▸ Problem to solve
Quote all entries exactly, leaving pictures aside.

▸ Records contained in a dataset

○ ○ ○

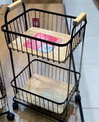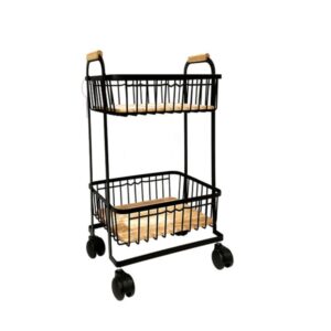 سبد سیب زمینی و پیاز راز دو طبقه مشکی چوبی
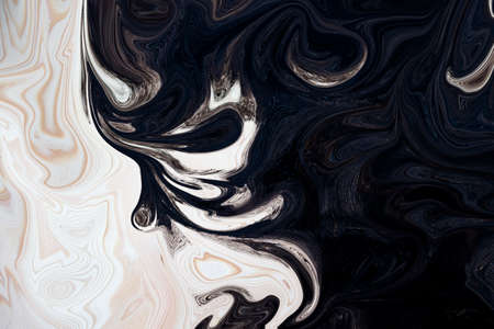 Fluid art texture. Background with abstract swirling paint effect. Liquid acrylic artwork with chaotic mixed paints. Can be used for posters or wallpapers. Orange, black and blue overflowing colors
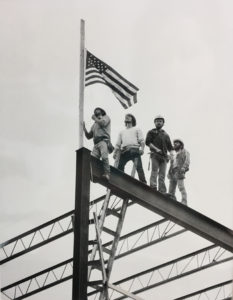 NOD President Karl Ward helping the children sign the last piece of steel at the Steel Topping Off Ceremony for UMaine’s new Emera Astronomy Center & Maynard F. Jordan Planetarium and Observatory
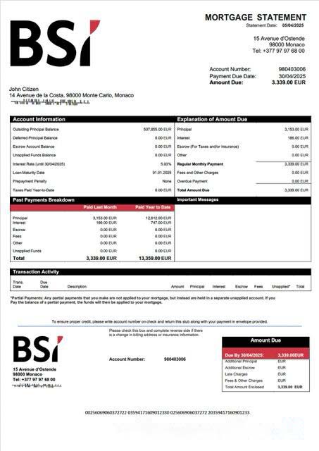 Monaco BSI Monaco mortgage statement Word and PDF template download template file
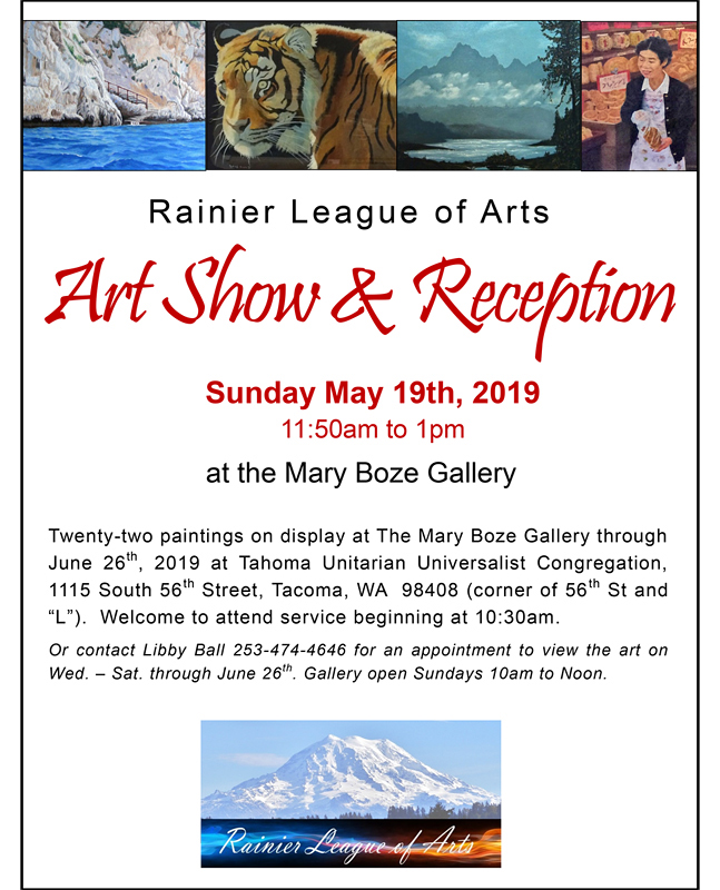 Art Show & Reception: by "Rainier League of Arts", Sunday, May 19th,
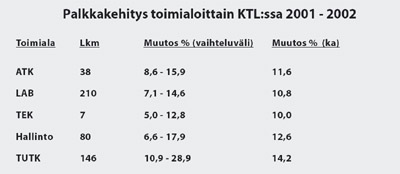 palkat ovat nousseet 2001-2002 noin 14 prosentilla. (Ks. taulukko.)

○ ○ ○

▸ Task output
 سبد سیب زمینی و پیاز راز دو طبقه مشکی چوبی
 Fluid art texture. Background with abstract swirling paint effect. Liquid acrylic artwork with chaotic mixed paints. Can be used for posters or wallpapers. Orange, black and blue overflowing colors
 NOD President Karl Ward helping the children sign the last piece of steel at the Steel Topping Off Ceremony for UMaine’s new Emera Astronomy Center & Maynard F. Jordan Planetarium and Observatory
 Monaco BSI Monaco mortgage statement Word and PDF template download template file
 Art Show & Reception: by "Rainier League of Arts", Sunday, May 19th,
 palkat ovat nousseet 2001-2002 noin 14 prosentilla. (Ks. taulukko.)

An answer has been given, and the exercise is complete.